GAINESVILLE, FL (November 4, 2019) – Wcjb.com writes that the Alachua County Sheriff’s office arrested two students from Buchholz High School after the pair allegedly made a series of threats against their school. The fifteen-year-olds, who are not identified because they are minors, were both arrested on Monday prior to the start of the school day. The threats included gun violence and comments about shooting up the school. The threats were posted in a group chat text message, and a parent who heard about the messages contacted the police to report the disturbing comments. According to the police, one of the messages included a request for a map of the campus that the student said he or she would use to place explosives around the school.

The teens’ threats turned out not to be legitimate, but both are now facing charges for threatening a mass killing and for the use of a “two-way communication device to facilitate a felony.”

Florida Written Threats Laws

In Florida, the crime of “Written Threats” applies to threats of violence against a person, a person’s family, or threats of mass killings or terrorism that are composed in writing and then shown or sent to another person.

When a threat is made against a person or a person’s family, the prosecutor must prove that the defendant wrote a statement, the statement contained a threat to kill or injure a person or that person’s family, and that the defendant then sent that letter to the person who, or whose family is, the subject of the threat.
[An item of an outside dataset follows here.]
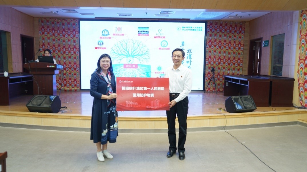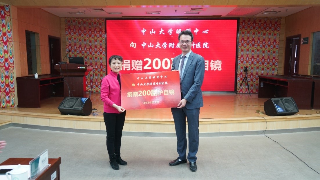▲我校中山眼科中心向附属喀什医院捐赠护目镜(来源:附属喀什医院 田涛)

The communication may be in the form of a letter, electronic communication, or inscribed.

To convict a person of Written Threats of mass shootings and or terrorism, the defendant must have written or recorded something containing a threat of mass killing or terrorism and then made that writing viewable to another person or other people. The threat can be in writing, or electronic, and the posting of it on social media, or sending the threat in a text message or email qualifies as allowing another person to see that threat.

Interestingly, the intent to actually cause harm is not required for a defendant to be convicted of the crime of written threats. The law has been the subject of several constitutional challenges that claim that it violates the First Amendment of the Constitution because it is vague and limits the freedom of speech. The court has rejected each challenge on the grounds that the law gives notice, and that threats of physical violence are not protected by the Constitution.

The crime is classified under Florida law as a second-degree felony. The penalty faced by those convicted of this crime includes a maximum of fifteen years in prison and a $10,000 fine.

Defendants accused of this crime have numerous possible defenses, including factual disputes regarding the elements of the crime, arguments that the alleged threat was really just a figure of speech, and that the threat is not actually one of physical violence.

Given the severity of the crime, it is important that anyone accused of making Written Threats seek experienced legal counsel.